Segment Start: Given material

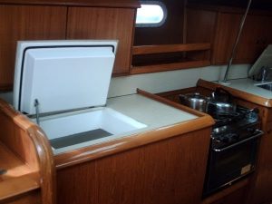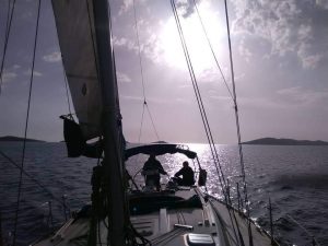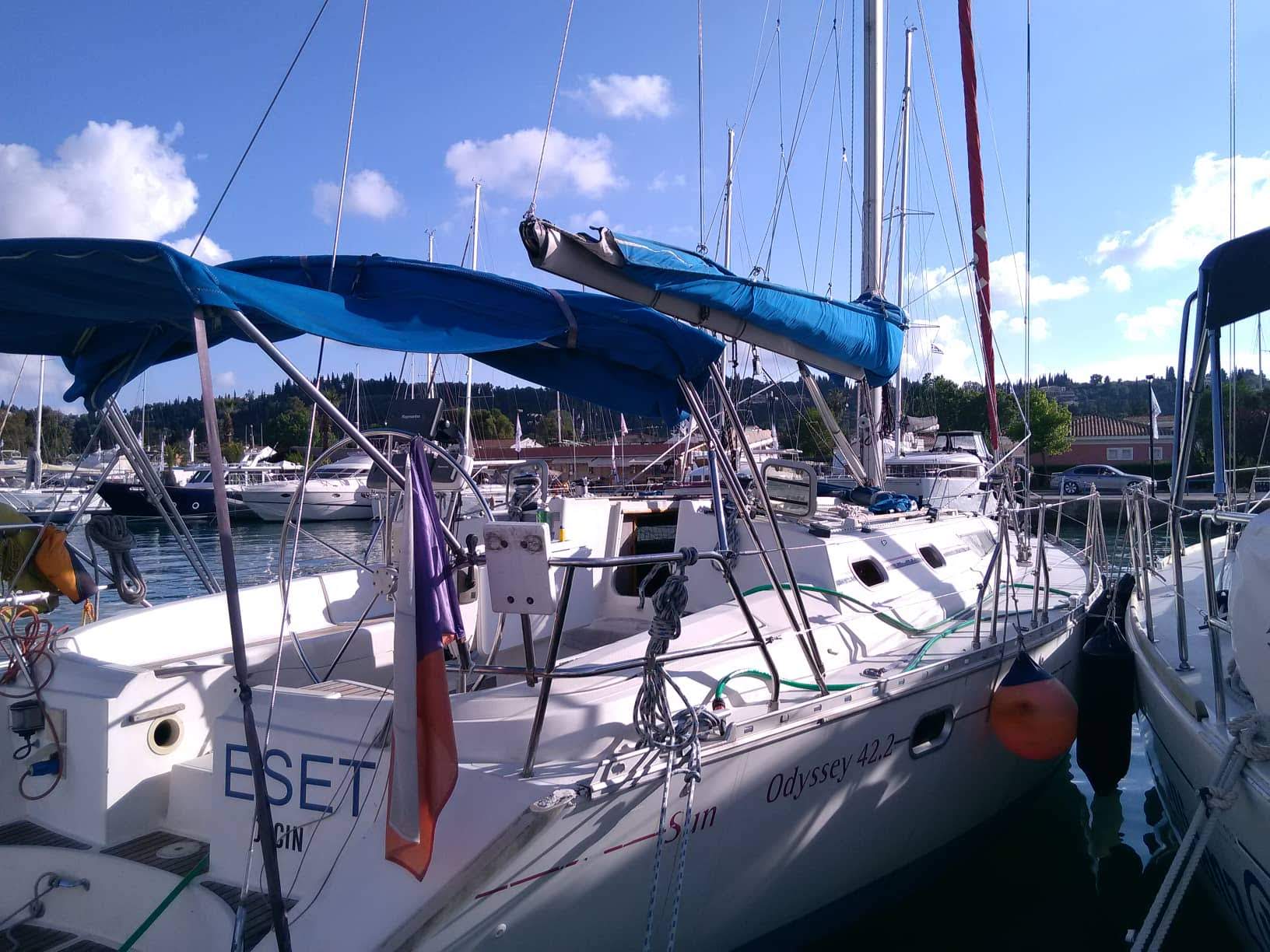 Our Eset is a Jeanneau Sun Odyssey 42.2, well equipped for blue-water cruising, including a full complement of storm sails, navtex, and radar. She is available for sailing training and sailing holidays.
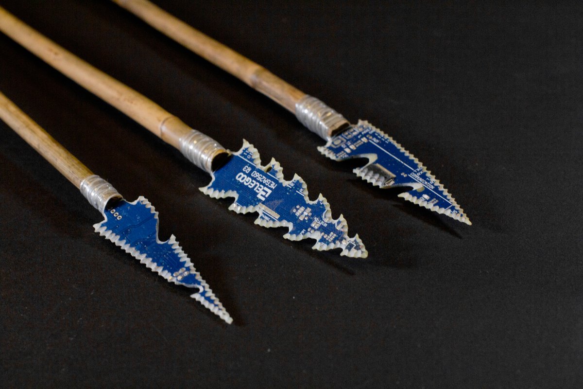 Arduino Spears (handcrafted from whittled bamboo, abandoned plastic bottles and the detritus of electronic circuit boards, for Mitigation of Shock
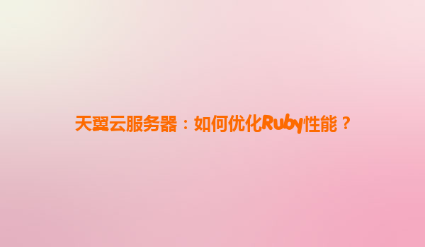 2025-04-17天翼云服务器:如何优化Ruby性能? 一、Ruby性能优化的核心方向 在基于天翼云服务器部署Ruby应用时,性能优化需围绕以下核心展开: 1.服务器资源配置:计算能力、存储性能与网络带宽的...
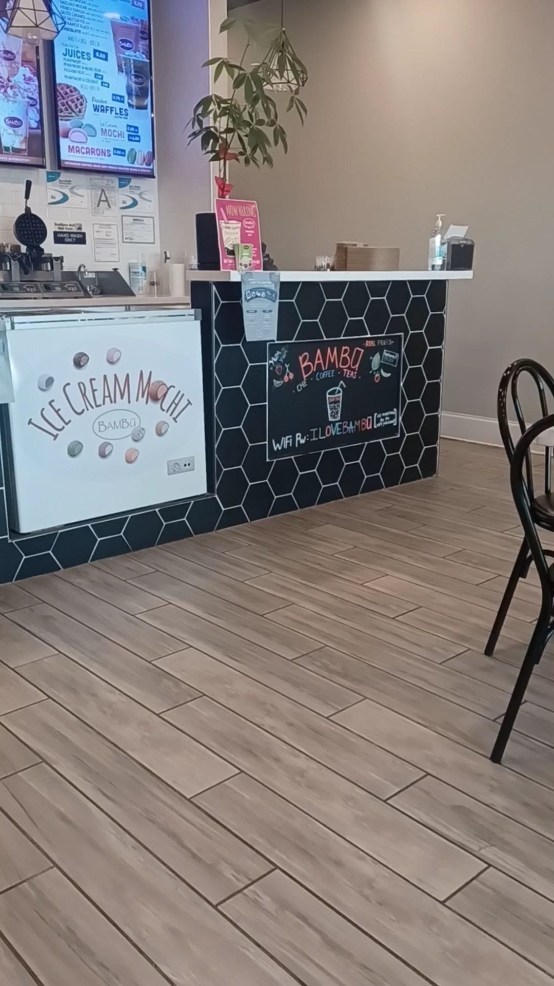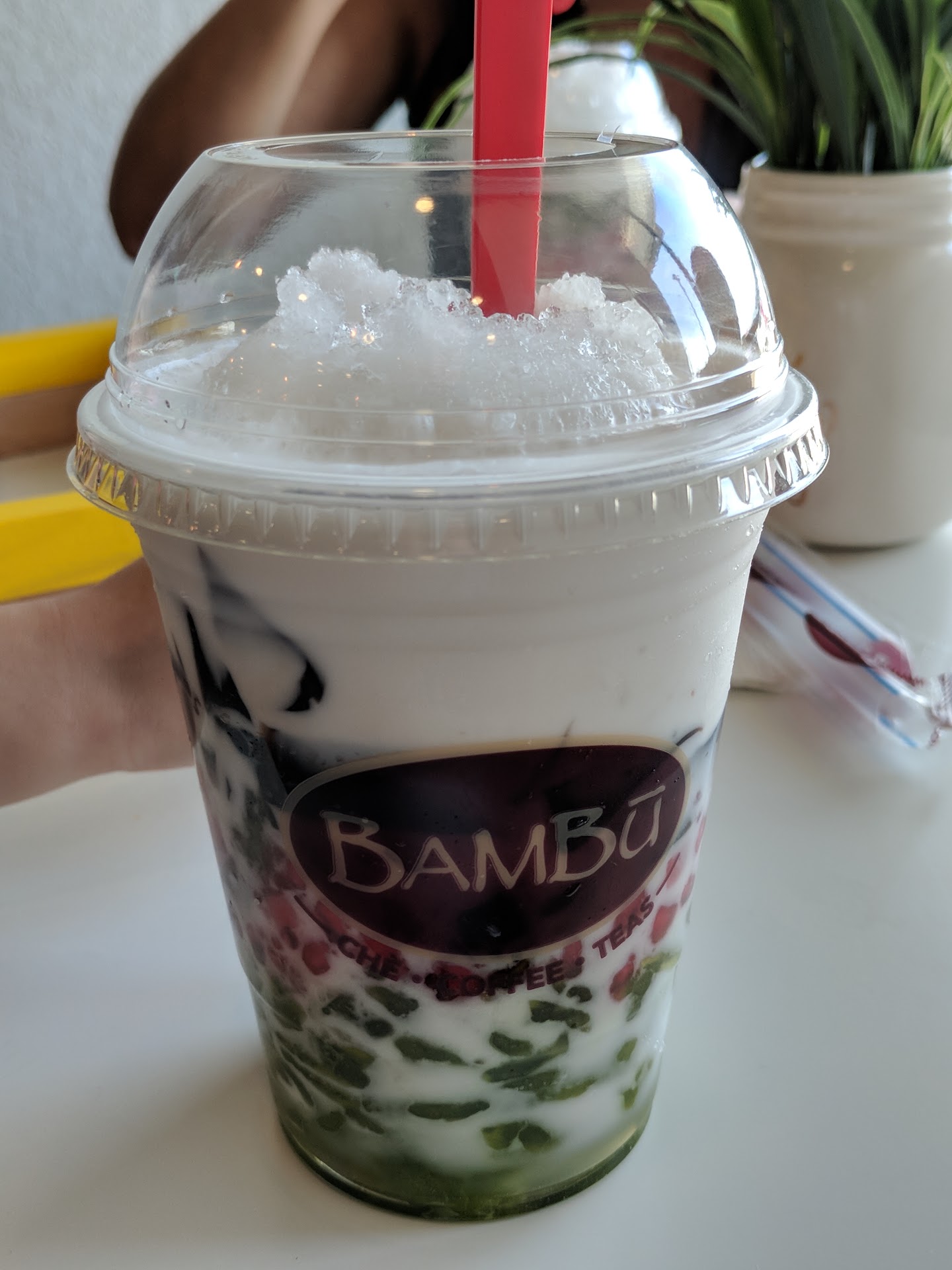 Tried this place as a treat today. You walk in. It's warm. Smells wonderful. Like a coffee shop, but not as INTENSE. Gotta say the atmosphere is very chic with a dash of cutise. Upbeat music playing. You're greeted upon entering. They have a large variety of drinks and all kinds of add ins and toppings. Very clean and clear menu. No scribbled in options or papers taped to it. I think menu items displayed on white canvas was a super classy advertisement idea. My friend went for the taro milk tea with Boba and I got a strawberry smoothie. They were both really good! But I have to say my smoothie was so FRESH tasting! Not a "pull the lever for an instant smoothie mixture" gas station/movie theatre type drink for sure. The plants on the tables are fake but ridiculously clean (as in no messy fingerprints or spills on them.) Instead of waiting in line for starbucks...try Bambu for your next "treat day" or pick me up. They have plenty of coffee drinks too! Also looks like a fun spot to hang out or meet up...

Segment End: Given material

:: Required work ::
Repeat the data word for word; drop the pictures.

:: Answer for this exercise ::
 Our Eset is a Jeanneau Sun Odyssey 42.2, well equipped for blue-water cruising, including a full complement of storm sails, navtex, and radar. She is available for sailing training and sailing holidays.
 Arduino Spears (handcrafted from whittled bamboo, abandoned plastic bottles and the detritus of electronic circuit boards, for Mitigation of Shock
 2025-04-17天翼云服务器:如何优化Ruby性能? 一、Ruby性能优化的核心方向 在基于天翼云服务器部署Ruby应用时,性能优化需围绕以下核心展开: 1.服务器资源配置:计算能力、存储性能与网络带宽的...
 Tried this place as a treat today. You walk in. It's warm. Smells wonderful. Like a coffee shop, but not as INTENSE. Gotta say the atmosphere is very chic with a dash of cutise. Upbeat music playing. You're greeted upon entering. They have a large variety of drinks and all kinds of add ins and toppings. Very clean and clear menu. No scribbled in options or papers taped to it. I think menu items displayed on white canvas was a super classy advertisement idea. My friend went for the taro milk tea with Boba and I got a strawberry smoothie. They were both really good! But I have to say my smoothie was so FRESH tasting! Not a "pull the lever for an instant smoothie mixture" gas station/movie theatre type drink for sure. The plants on the tables are fake but ridiculously clean (as in no messy fingerprints or spills on them.) Instead of waiting in line for starbucks...try Bambu for your next "treat day" or pick me up. They have plenty of coffee drinks too! Also looks like a fun spot to hang out or meet up...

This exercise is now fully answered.